Inspecting the average amplitudes separately by block and condition, the revealed pattern (see Figure 10) differed from that described above for the N2pcbetween. Again, the N2pc descriptively increased in size in block 2 in the explicit condition, but was diminished in block 3, even reaching a positive value (indicating attention away from negative faces). The control group showed an inverted progression, decreasing in block 2 but again ending up at a more negative value in block 3 than at the beginning of the training session. The values in the implicit group stayed more or less the same across all three blocks. When performing the mixed two-way ANOVA with the factors Group and Block, there was a significant interaction of Group × Block [F (4, 102) = 4.07, p < 0.01, ηp2 = 0.14]. The two main effects again did not reach significance (Group [F (2, 51) = 0.59, p = 0.56, ηp2 = 0.02], Block [F (2,102) = 0.38, p = 0.69, ηp2 = 0.01]. Adding the SIAS and RST-PQ into the model did not change the previous results and there was no significant interaction or main effect of either questionnaire (all “p”s > 0.14). Following up on the significant interaction by performing separate one-way ANOVAs with the within-subject factor Block for each group, the main effect Block reached significance in the explicit group [F (2, 30) = 6.08, p = 0.02, ηp2 = 0.28], but not so in the implicit group [F (2, 36) = 0.05, p = 0.96, ηp2 < 0.01] or the control group [F (2, 36) = 2.46, p = 0.1, ηp2 = 0.12]. Post hoc pairwise comparisons between group means using Bonferroni correction showed a significant difference (reduction) in N2pcwithin amplitude between blocks 2 and 3 within the explicit group (p < 0.01).
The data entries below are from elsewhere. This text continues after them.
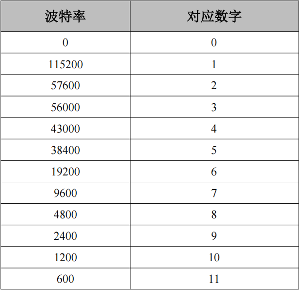 “Can Baudrate”——設(shè)置CAN端波特率;詳細(xì)設(shè)置如表所示RS485波特率與對應(yīng)數(shù)字對照表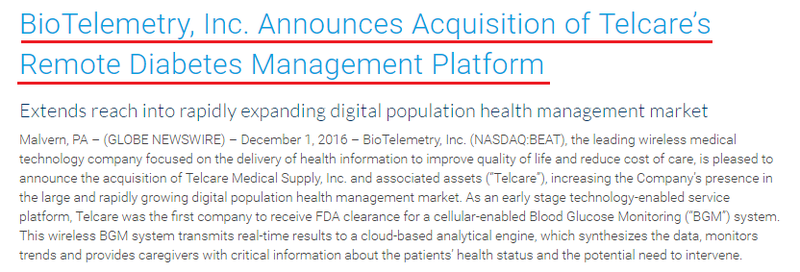 지난 2016년 12월, BioTelemetry Inc는 원격 당뇨병 관리 플랫폼을 운영하는 Telcare의 사업부분을 인수했습니다. 이는 앞으로 BioTelemetry Inc는 현재 강점을 가진 심혈관 진단기기에서 지속적으로 품목을 확대해나가는 동시에 진단에 국한되지 않고, 관리 및 처방까지 제공하는 종합 헬스케어 기업으로 나아가려는 시도를 가진 것으로 보입니다. 투자자로서 아직 BioTelemetry Inc의 미래에 대한 목표가 실행될 수 있을 지는 확실하지 않지만, 한 가지 확실한 것은 BioTelemetry는 많은 심혈관 관련 데이터를 보유하고 있는 것입니다. AI시대를 맞이하여, 데이터를 보유한 기업에게는 분명 많은 기회가 생길 것으로 생각되는 바 앞으로 BioTelemetry Inc에게는 분명 데이터의 가치를 인정받는 계기가 생길 것으로 생각됩니다. 앞으로 BioTelemetry Inc의 앞 날이 기대됩니다.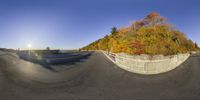 a fish eye view of a wide open road, with a wall surrounding it, and an autumn tree behind

Figure 10. Progression of the N2pcwithin over the three blocks, split by group. Each data point corresponds to the mean of the segment marked in gray in Figure 7 (regarding the black line). Error bars indicate SEM.

4 Discussion

We evaluated the effectiveness of reward-based attentional bias modification within a single training session using electrophysiological measures. Measuring the conventional N2pc as an index of selective attention toward angry face stimuli, we were able to identify a general attentional bias over all groups and blocks. However, for this conventional N2pc quantification we did not observe any substantive effects of the ABM training. Furthermore, the electrocortical activation seemed to be strongly characterized by lateralization effects as has previously also been reported by Reutter et al. (2019). This prompted us to explore an alternative calculation of the N2pc, combining values from within hemispheres rather than across. Over the course of the training session, we found a significant reduction of this measure during the second half of the training period, however only within the group whose instruction contained an explicit reference to the contingency between distractor valence and the level of reward associated with it.
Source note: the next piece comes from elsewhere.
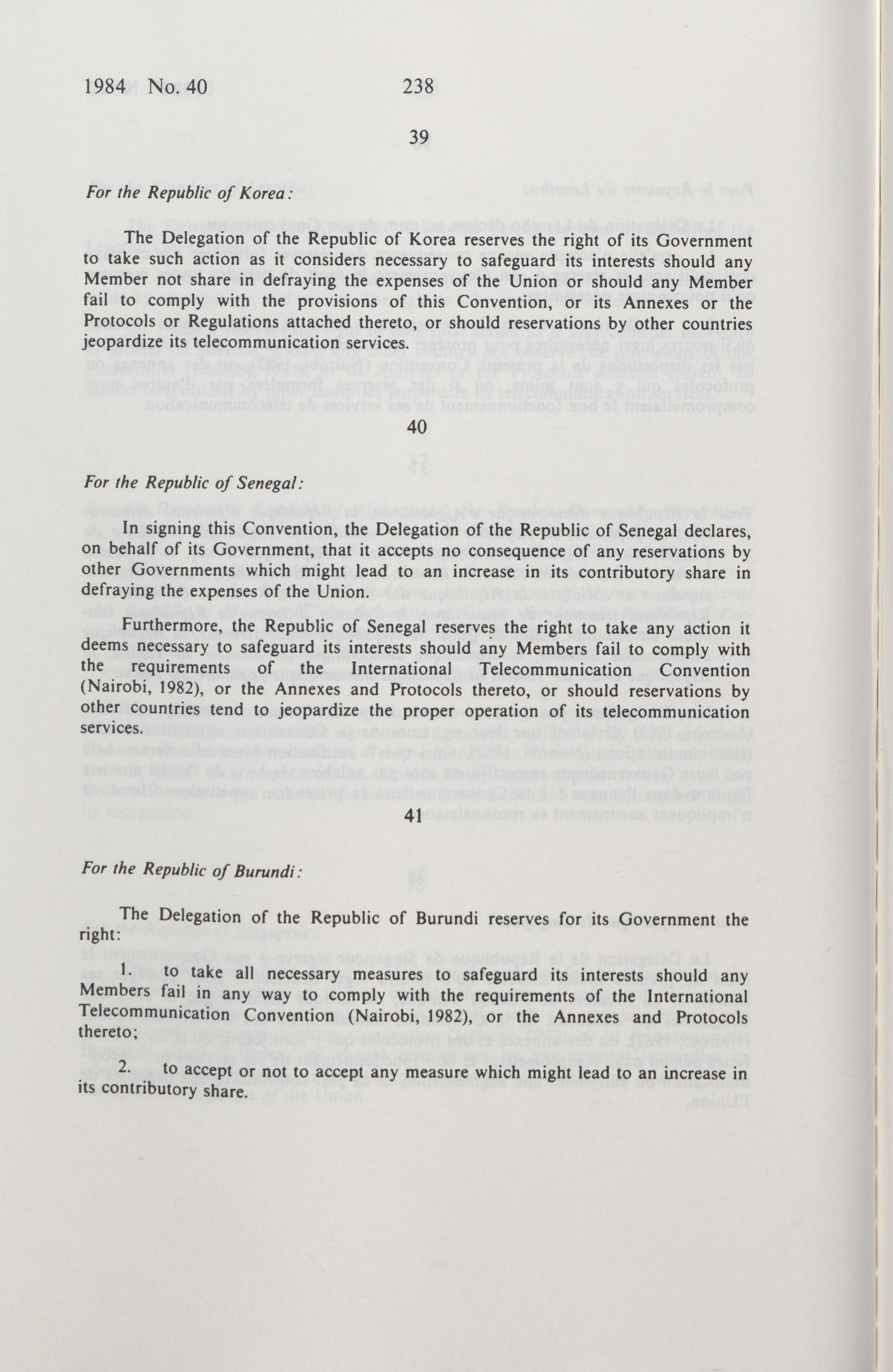 Télécommunications (ITU) : Convention internationale des télécommunications avec règlement général et annexes, et protocoles.

Some of our findings are consistent with previous results. Specifically, the overall presence of an attentional bias toward angry faces as marked by (both variants of) the N2pc corroborates earlier studies (Eimer and Kiss, 2007; Feldmann-Wüstefeld et al., 2011; Kappenman et al., 2014; Osinsky et al., 2014; Reutter et al., 2017). Similarly, the absence of an attentional bias within reaction time data as well as their mediocre reliability has been shown repeatedly in recent research (Schmukle, 2005; Staugaard, 2009; Kappenman et al., 2014; Rodebaugh et al., 2016; Kruijt et al., 2019). It is worth noting that unlike the study sample in Reutter et al. (2017, 2019) and consistent with Osinsky et al. (2014), our sample was not preselected for high social anxiety scores, reinforcing the view that a certain level of attentional bias toward threat is found in the general population (e.g., Öhman et al., 2001; Schupp et al., 2004), not only within clinical or subclinical samples.
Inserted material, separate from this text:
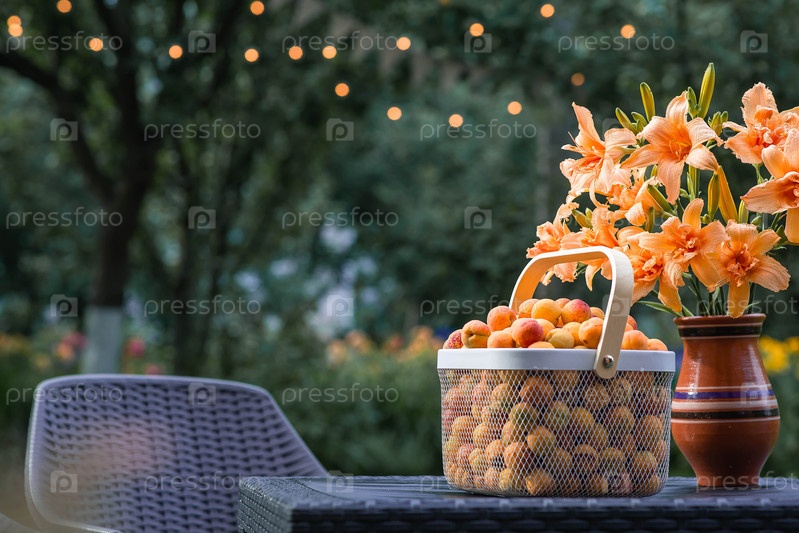Корзина, полная абрикосов на столе в саду рядом с вазой оранжевых лилий

However, the main findings of this study raise several discussion points. Firstly, we must acknowledge that our manipulation did not have a significant impact on our main dependent variable, the conventional N2pc, but only on its exploratory variant instead. As previously discussed, this alternative quantification of the N2pc was calculated within hemispheres to increase sensitivity to possible experimental effects. To the best of our knowledge, there is no pre-existing literature examining this calculation method. Thus, it remains conjecture if both variants represent the same underlying neurocognitive mechanisms and can be interpreted equivalently. The basic logic behind both is consistent: a difference value based on posterior contralateral electrodes, with the minuend being the electrode involved in the processing of an angry stimulus and the subtrahend being the homolog (N2pcbetween) or identical (N2pcwithin) electrode during the processing of a neutral stimulus. However, it should be noted that for the conventional calculation method, every trial that entered the calculation contained both an angry and a neutral stimulus, whereas for the alternative method, the trials that constituted the subtrahend contained neutral stimuli only. Thus, the two methods differ on the very basis of the physical conditions involved. This may entail an interesting advantage of the exploratory method, in that, contrary to the conventional method, it allows for a comparison between the activity caused by an angry stimulus and a truly neutral condition.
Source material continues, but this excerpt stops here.